Amy had a hysterical fit, or was afflicted with sore eyes, I forget which; but I know that she was very bad and vented her rage in all the refined expressions usual on these most celebrated occasions. It will scarcely be expected that I should feel much commiseration for her. When I state these facts it must be understood that Amy said so; but then, will methodistical Luttrell add, with his eyes turned up towards the sky, or the ceiling, as the chance may be—if all the lies that have been uttered since the flood were put into a scale with Amy's, they would weigh as a hair in the balance; so that, perhaps, the less I say on this matter the better.

At last, when a whole month had elapsed beyond the period Amy had named for the expected event, Argyle could keep on the mask no longer; and, having asked her one evening how she felt, and received for answer that she was perfectly well and free from pain, he said, in a passion, "Why, Amy, you are surely a Johanna Southcott, and never mean to be confined at all." This was certainly very cruel, though no less certainly circumstances did rather appear to justify such a suspicion!

At last, oh, blessed news for Argyle!

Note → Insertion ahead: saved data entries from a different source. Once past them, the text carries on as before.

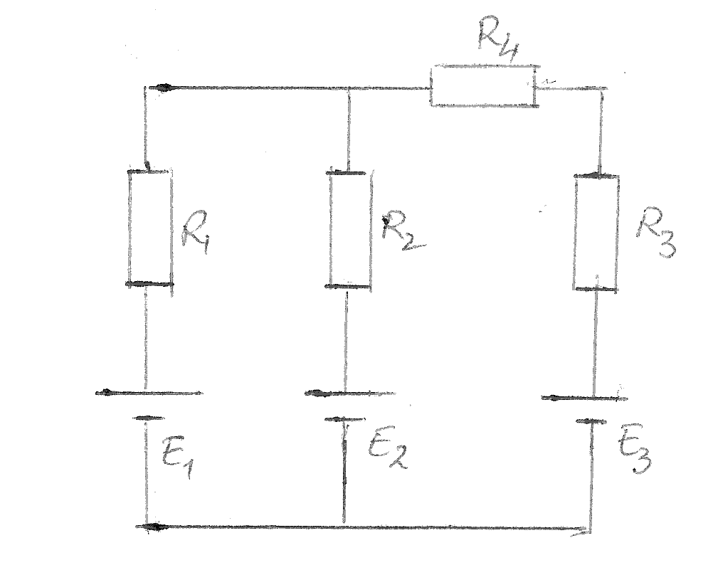 Pentru circuitul electric din figura de mai jos se cunosc t.e.m. ale surselor ideale, E1=6V, E2=10V si E3=20V si valorile rezistentelor R1=9.7Ω, R2=8Ω, R3=1.7Ω si R4=7.8Ω. Determinati valoarea intensitatii curentului electric prin rezistenta R4.
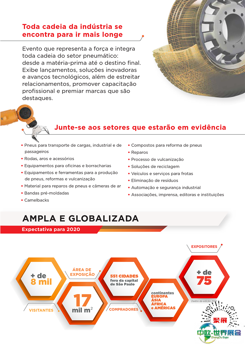 巴西圣保罗轮胎展览会(PneuShow)是巴西乃至南美洲最大规模、最专业的轮胎及相关产品展览会。与巴西圣保罗塑料橡胶展(Expobor)同期举办。自1996年创立以来,第一届开始就成为了主导行业和更新市场的前沿展会之一,现已也已成为巴西数一数二的橡胶技术及机械展。
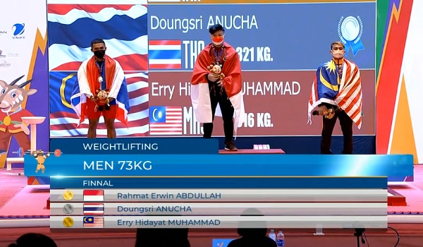 Pada acara angkat berat kategori 73 kilogram (kg) lelaki di Hanoi Sports Training and Competition Center hari ini, Muhammad Erry berjaya melakukan angkatan 143kg bagi snatch dan 173kg bagi clean and jerk untuk mempertahankan pingat gangsa dengan bebanan keseluruhan 316kg.
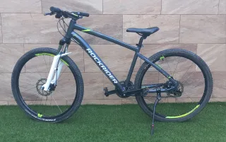 Bicicleta de montaña Rockrider ST520 con ruedas de 27.5 pulgadas. Cuadro de aluminio. Talla L (de 1,75 a 1,85 m, según fabricante) Frenos de disco mecánicos Hayes MX5 con pastillas nuevas. Palancas de freno Tektro de 2 dedos. Suspensión delantera de 80 mm ajustable según peso del ciclista. Triple plato con cassette de 8 velocidades. Desviador Shimano Altus y cambio trasero Sram X3. Pedales de série Btwin. Sillín sport Ergofitsystem. Ideal para uso diario, camping, pistas, vias verdes y caminos. Con marcas de uso, pero no tiene arañazos grandes, abolladuras, golpes, ni nada roto. Bién conservada y mantenida. Incluye el caballete.
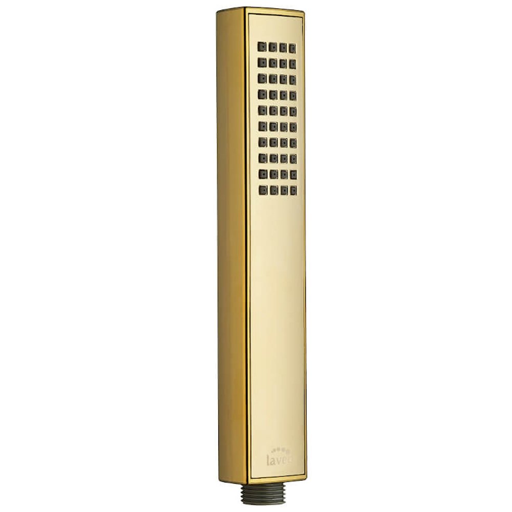 Elegantná sprchová ružica Laveo Pola v zlatom vyhotovení s jedným režimom prúdu – dážďový prúd. Rozmer: 210 × 37 mm, pripojenie ½″, s technológiou Anti-Calc na ochranu proti usádzaniu vodného kameňa. Tvar: štíhly obdĺžnik, farby varianty – chróm, čierna, zlaté odtiene. Ideálne riešenie pre moderné kúpeľne s dôrazom na minimalistický dizajn a jednoduchú údržbu.
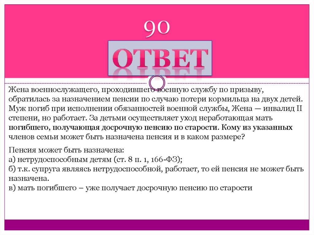 Жена военнослужащего, проходившего военную службу по призыву,обратилась за назначением пенсии по случаю потери кормильца на двух детей.

Amy declared she felt a slight pain; but whether it proceeded from the sweet pledge of love she carried in her bosom or from what else was time to determine: and my kind readers will probably recollect that, in a like protracted case, Old Time determined against the late Marchioness of Buckingham, without the least respect to all the splendid paraphernalia which had been profusely got up for the anticipated joyful occasion. Amy, however, not being quite so stricken in years, Argyle bustled about in the joyful hopes of a speedy deliverance, and said, "No harm in sending to Dr. Merriman, and getting the knocker tied up, and a little straw laid before the door?" As to the nurse, she had been in the house for the last month!

By the time the knocker was tied up, the straw laid down, and Dr. Merriman shown upstairs into her room, Amy declared herself quite well again, and so she continued for another week.

"Good Lord deliver us!" exclaimed Argyle.

"Amen!" responded the old nurse: for who would differ from a duke, however pleasant it might be to enjoy present pay and good quarters for doing nothing!

I cannot help pitying anything in labour, even a mountain! At length, Amy herself really experienced the so often anticipated pains. She now declared that she could not stand it, and would not, that was more!

"Give me a pair of scissors!" said she in a fury to the doctor, "and I will cut my own throat directly."

Dr. Merriman answered with perfect sangfroid.

Apropos! I do remember this said Dr. Merriman of Curzon-street, an apothecary, and often has he stood behind his uncle's counter to serve me when I was a child and fond of sweets, with a pennyworth of Spanish liquorice. His father was a respectable accoucheur and had the honour to bring all my respectable family into this respectable world, one by one, except my youngest sister Julia; and he would have done as much by her, but that he happened to die one day, and the present Dr. Merriman, his nephew, formerly well known by the appellation of Sam Merriman, officiated, faute de mieux, my dear mother being too shy to endure the idea of a perfect stranger.